MAR DEL PLATA, Argentina — For more than a week, as the days passed with little news, relatives of 44 sailors aboard an Argentine Navy submarine that went missing on Nov. 15 hoped for a miracle.
On Thursday morning came the crushing news: An explosion had been recorded deep in the Atlantic Ocean near where the submarine was traveling, only a few hours after the vessel’s last communication. Some relatives fainted. Some screamed at the naval officers. Others sobbed loudly.
There was also anger. Families said the navy had mismanaged the situation by waiting to start a full-scale search and by dangling reports of possible satellite phone calls from the ship, which turned out to be false. Perhaps worst of all, they said, Argentina had let its military degrade to the point of recklessness.

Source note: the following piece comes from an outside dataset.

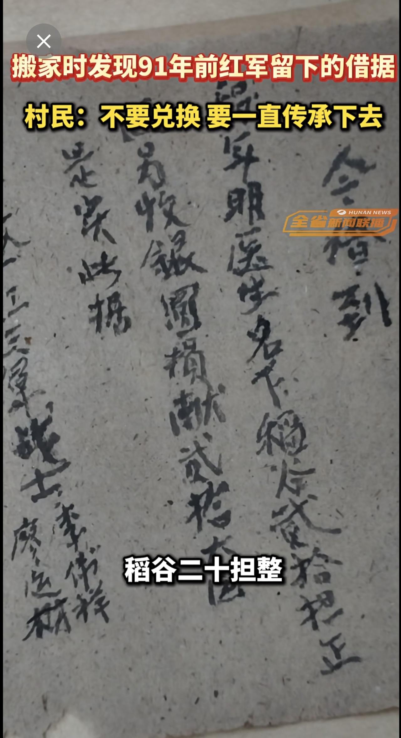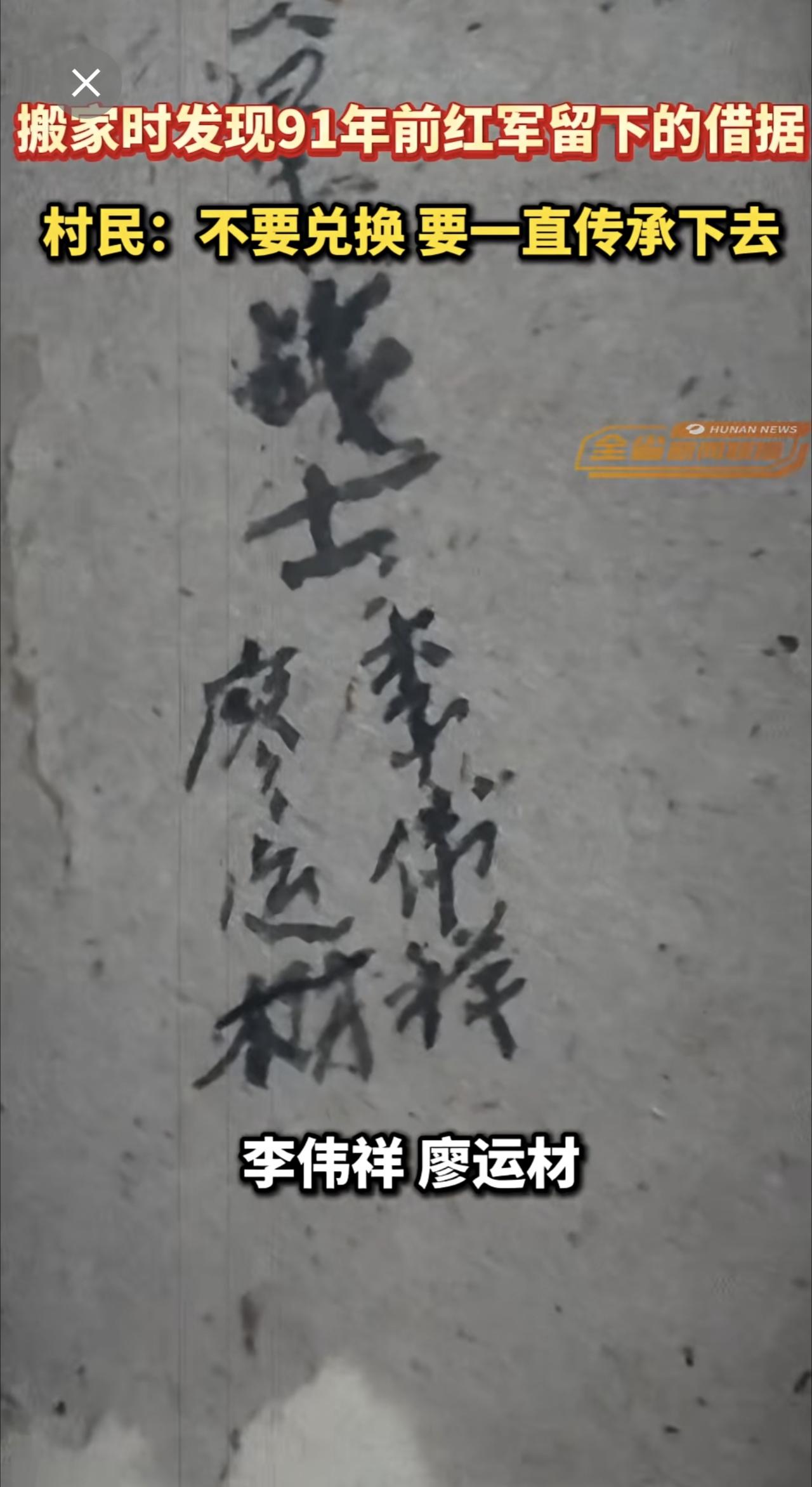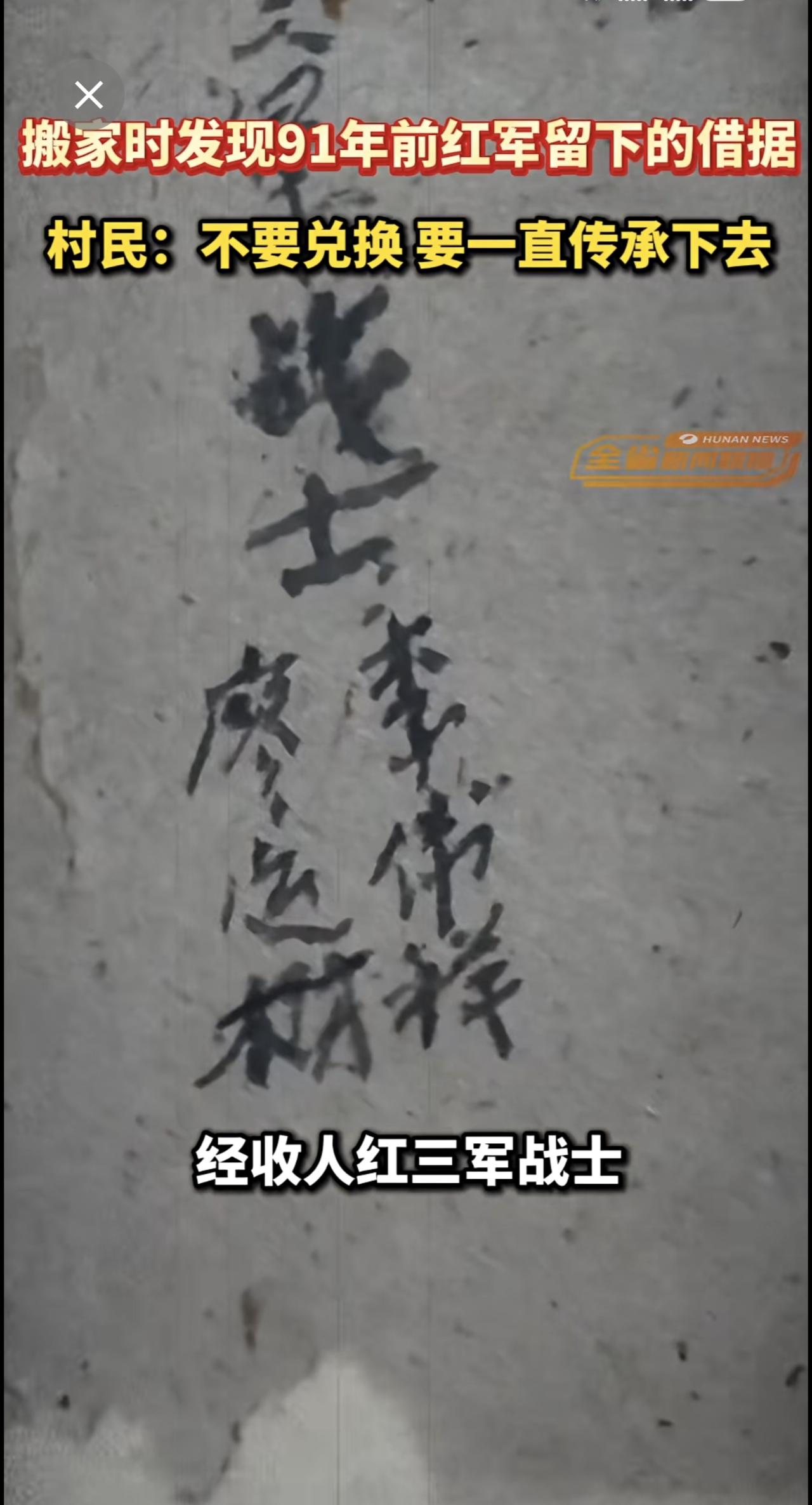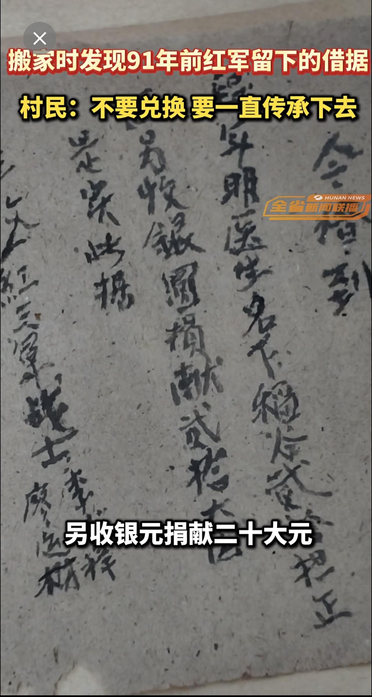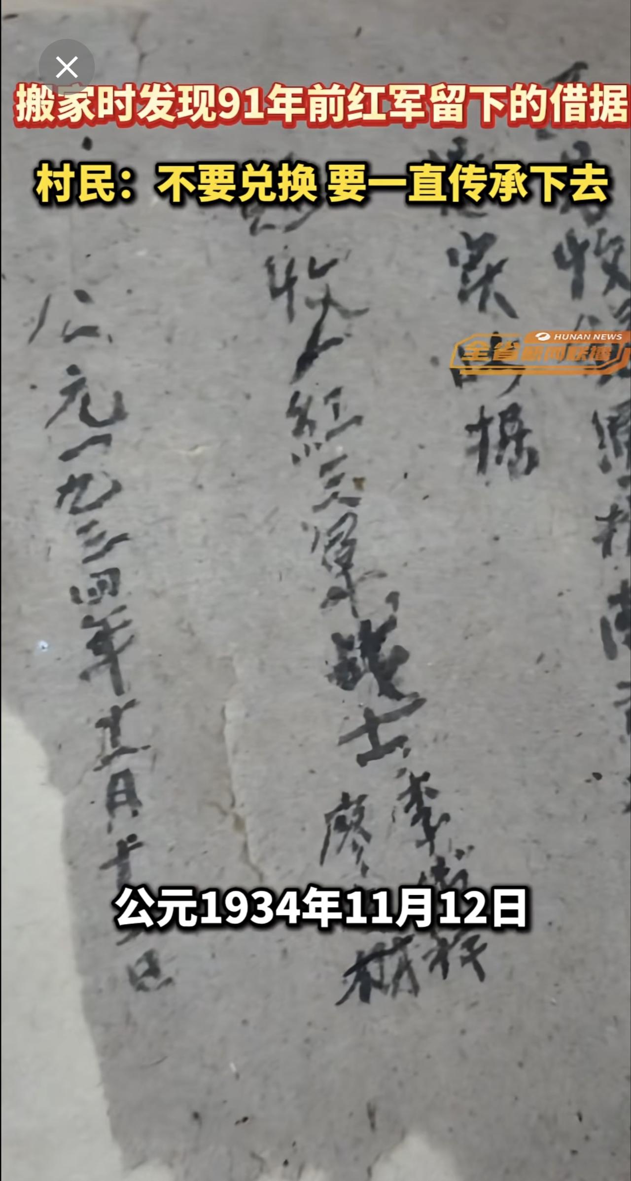 湖南郴州一村民搬家时发现91年前红军留下的借据,村民:不要兑换,要一直传承下去。

“For 15 years, the navy has been neglected,” said Itatí Leguizamón, the wife of Germán Oscar Suárez, a radar operator on the vessel.
As if to add insult to injury, the explosion came to light only after analysts from the United States government and an international nuclear weapons monitor detected it and told the Argentines. Vessels from the United States, Britain, Brazil and Chile have been combing the seas as part of the search; the Argentine Navy’s four P3-B maritime patrol aircraft have been grounded and unavailable for deployment, according to Jane’s Research.While the Navy did not formally give up hope of finding the crew, relatives began referring to their loved ones in the past tense. If the sailors perished, it would be the deadliest submarine catastrophe since the sinking of the Kursk — a Russian vessel brought down by a misfired weapon in 2000 — and the Argentine military’s largest loss of life since the Falklands War of 1982.